SeaweedFS and JuiceFS are both open-source high-performance distributed file storage systems. They operate under the business-friendly Apache License 2.0. However, JuiceFS comes in two versions: a Community Edition and an Enterprise Edition, you can use JuiceFS Enterprise Edition as on-premises deployment, or use Cloud Service directly. The Enterprise Edition uses a proprietary metadata engine, while its client shares code extensively with the Community Edition.

This document compares the key attributes of JuiceFS and SeaweedFS in a table and then explores them in detail. You can easily see their main differences in the table below and delve into specific topics you're interested in within this article. By highlighting their contrasts and evaluating their suitability for different use cases, this document aims to help you make informed decisions.

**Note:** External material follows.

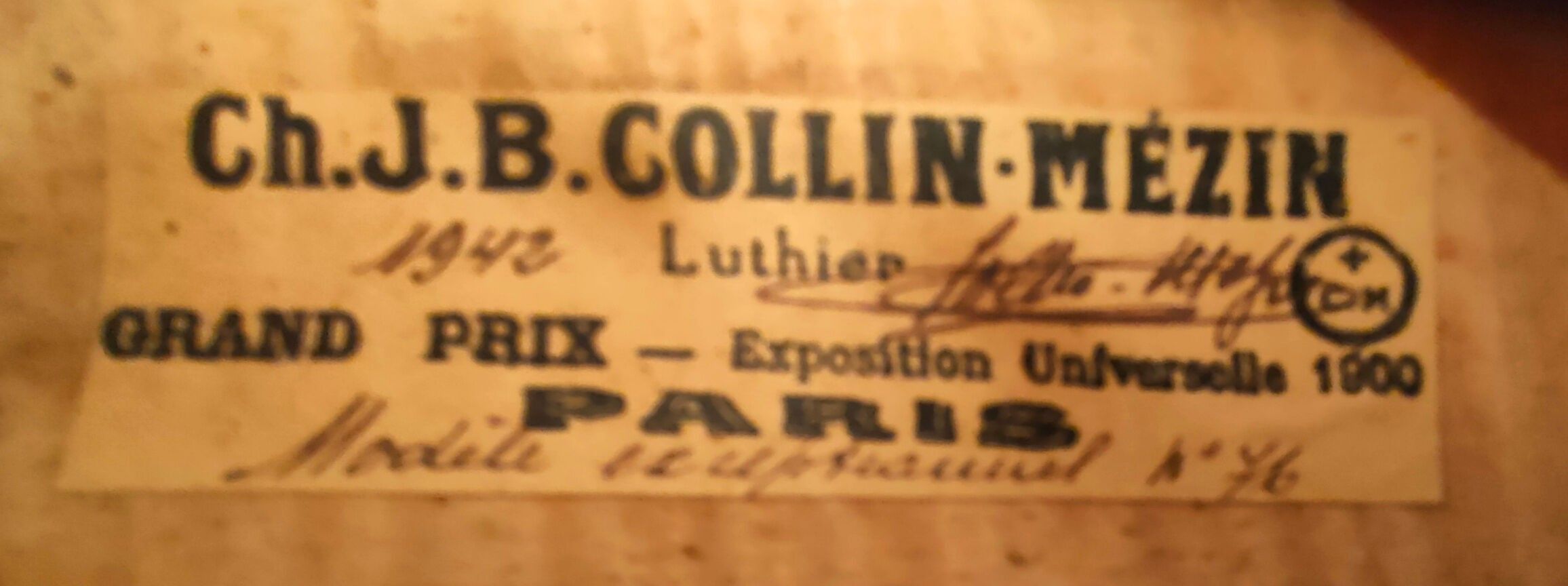Violon de Charles Jean-Baptiste Léon COLLIN-MÉZIN, fait à Mirecourt en 1942 ; portant étiquette de Collin Mézin, signature(s) de l'auteur. Assez bon état. 362mm. [VRVI2512_081-VREXP1]

Comparison basis SeaweedFS JuiceFS
Metadata engine Supports multiple databases The Community Edition supports various databases; the Enterprise Edition uses an in-house, high-performance metadata engine.
Metadata operation atomicity Not guaranteed The Community Edition ensures atomicity through database transactions; the Enterprise Edition ensures atomicity within the metadata engine.
Changelog Supported Exclusive to the Enterprise Edition
Data storage Self-contained Relies on object storage
Erasure coding Supported Relies on object storage
Data consolidation Supported Relies on object storage
File splitting 8MB 64MB logical blocks + 4MB physical storage blocks
Tiered storage Supported Relies on object storage
Data compression Supported (based on file extensions) Supported (configured globally)
Storage encryption Supported Supported
POSIX compatibility Basic Full
S3 protocol Basic Basic
WebDAV protocol Supported Supported
HDFS compatibility Basic Full
CSI Driver Supported Supported
Client cache Unsupported Supported
Cluster data replication Unidirectional and bidirectional replication is supported Exclusive to the Enterprise Edition, only unidirectional replication is supported
Cloud data cache Supported (manual synchronization) Exclusive to the Enterprise Edition
Trash Unsupported Supported
Operations and monitoring Supported Supported
Release date April 2015 January 2021
Primary maintainer Individual (Chris Lu) Company (Juicedata Inc.)
Programming language Go Go
Open source license Apache License 2.0 Apache License 2.0

The SeaweedFS architecture

The system consists of three components:

  • The volume servers, which store files in the underlying layer
  • The master servers, which manage the cluster
  • An optional component, filer, which provides additional features to the upper layer

In the system operation, both the volume server and the master server are used for file storage:

  • The volume server focuses on data read and write operations.
  • The master server primarily functions as a management service for the cluster and volumes.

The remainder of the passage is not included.